Most Important Voting Rights Case in Decades Now in Courts
by Chris Bowers, Wed Dec 29, 2004 at 08:30:02 AM EST
Felony disenfranchisement laws have been on the books for decades. With the massive upswing in the prisoner population over the past twenty-five years, these laws have contributed to a systematic disenfranchisement of minority communities. As the Sentencing Project notes:
Nationally, more than four million Americans are denied the right to vote as a result of laws that prohibit voting by felons or ex-felons. In 48 states (with the exception of Maine and Vermont) and the District of Columbia prisoners cannot vote, in 35 states felons on probation or parole are disenfranchised, and in 14 states a felony conviction can result in a lifetime ban long after the completion of a sentence. This fundamental obstacle to participation in democratic life is exacerbated by racial disparities in the criminal justice system, resulting in an estimated 13% of black men unable to vote.It is not a coincidence that the rise in the prison population was concurrent with the rise in conservative politics nationally. By disenfranchising millions of potential Democratic voters, conservatives titled the electorate in their favor. However, these laws are now being challenged:The court has voted to rehear in banc Muntaqim v. Coombe, 01-7260, in which a three-judge panel found that New York Election Law §5-106 does not violate §2 of the federal Voting Rights Act of 1965, 42 U.S.C. §1973.
Jalil Abdul Muntaqim, a black man incarcerated at Shawangunk Correctional Facility in Wallkill, acknowledged that the law was not intentionally discriminatory. Instead, he argued that it had the practical effect of diluting black and Hispanic voter rolls because the racial disparity in New York's prison population is driven, in part, by discriminatory sentencing practices.(...)
The decision to rehear the case in banc was made by a vote of the court's 13 active judges. It will be heard on April 7.
In a comment that I admit I have a difficult time understanding, legal observer and Dailykos commenter Glenn in NYC writes about the chances of the lawsuit to overturn the law: This case has some interesting procedural history -- interesting, of course, if you're the sort of legal geek (like me) who finds legal procedure interesting. A 3-judge panel of the Second Circuit upheld NY's felon-disenfranchisement law in April. Judge Jose Cabranes who, despite being appointed by Clinton, can be pretty conservative at times, wrote the opinion. The plaintiff (that is, the disenfranchised felon) petitioned to the Supreme Court for review in July and did not ask the entire Second Circuit to hear the case en banc (or "in banc," as the Second Circuit says). (The Second Circuit is notoriously loathe to rehear cases en banc, as opposed to other circuits like the Ninth.)Meanwhile, one or more judges of the Second Circuit called for an en banc vote on his or her own initiative. This failed on October 1, apparently by a vote of 9-4, but something unusual happened. 4 judges who voted no said specifically that their votes were "without prejudice" to taking another vote if the Supreme Court chose not to hear the case. In other words, the "real" vote to hear the case (i.e., if the Supreme Court denied review) would be 7-6 in favor. (I say 7-6 rather than 8-5 because of Judge Jacobs' vote, noted below.) This is highly unusual, in my view, for these judges to say that if the Supreme Court didn't hear the case, then the lower court would review it again. This was pointed out by Judge Jacobs, who said he didn't favor in banc review but voted in favor since it was clear a majority really wanted it, and that it was improper to hold off review until after the Supreme Court looked at it. As he put it, "the court of last resort is on First Street [in D.C., i.e., the Supreme Court], not Foley Square [where the 2d Circuit is]."

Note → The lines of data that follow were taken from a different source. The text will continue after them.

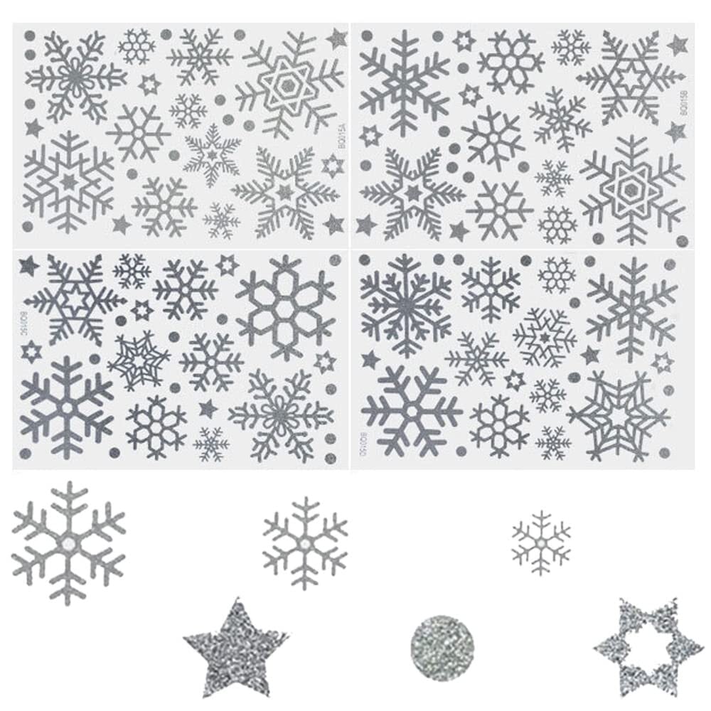 クリスマス 静電ステッカー (30* 20.5cm/4枚) クリスマス飾り ウォールステッカー スノーフレーク静電ステッカー 雪花飾り 雪の結晶シール ガラスシール 窓ー (銀) PVC再利用可能な 剥がせる壁紙 手芸 デコレーション/ショップデコレーション用/冬 飾り 雰囲気満点 | yankees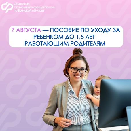 7 августа Отделение Социального фонда России по Брянской области перечислит в банки пособие по уходу за ребенком до 1,5 лет работающим родителям.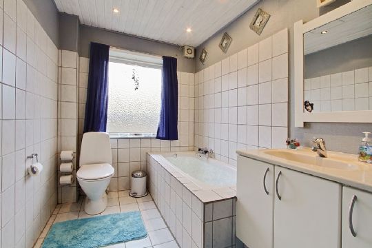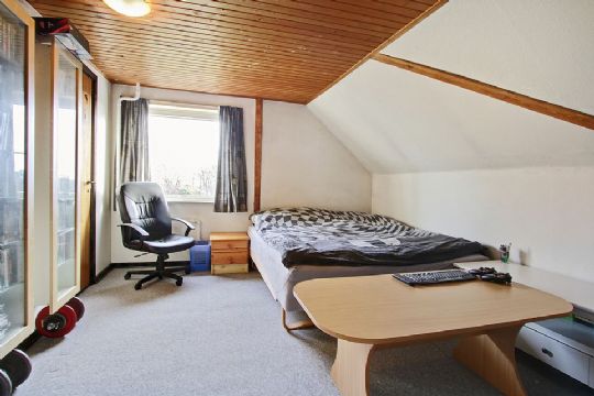 1. sal indeholder værelse med wallk in closet, to børneværelser, kontor, badeværelse med bruseniche og værelse med pulterrum samt indbyggede skabe.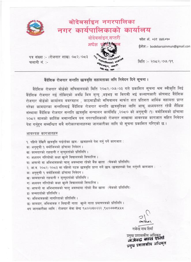 वैदेशिक रोजगार सन्तति छात्रवृृति सहायताका लागि निवेदन दिने सम्बन्धि सूचना |||

Apparently, the Supremes agreed, because right after these votes were revealed, the Supremes denied review. (The docket shows a letter submission to the Supreme Court just after the denial; presumably counsel forwarded the order on to the Court.) I'm sure the Supremes figured if the lower court wanted to review it en banc, then by all means they should go ahead. And thus after the denial by the Supreme Court in November, apparently another vote was taken, and the result is the order referred to in pontificator's diary.

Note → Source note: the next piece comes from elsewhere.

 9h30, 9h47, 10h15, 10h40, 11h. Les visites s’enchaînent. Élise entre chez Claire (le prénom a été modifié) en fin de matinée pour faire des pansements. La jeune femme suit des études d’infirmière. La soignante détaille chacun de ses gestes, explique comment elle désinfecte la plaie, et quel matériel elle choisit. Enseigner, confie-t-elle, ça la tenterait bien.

The 7-6 split mentioned above gives you a pretty good idea of the "liberal"/"conservative" split on the 2d Circuit now. (They're all pretty much moderates, however, with one or 2 exceptions.) So the way this goes is probably anybody's guess. Knowing the Circuit, if they can find a way not to decide it on the merits or to send it back for more fact-finding, they will. Still, it will be an interesting argument in April.
Within the last four years, Virginia and New Mexico voluntarily overturned their voting lifetime bans on ex-felons. If it takes a legal case to overturn these laws everywhere, then so be it.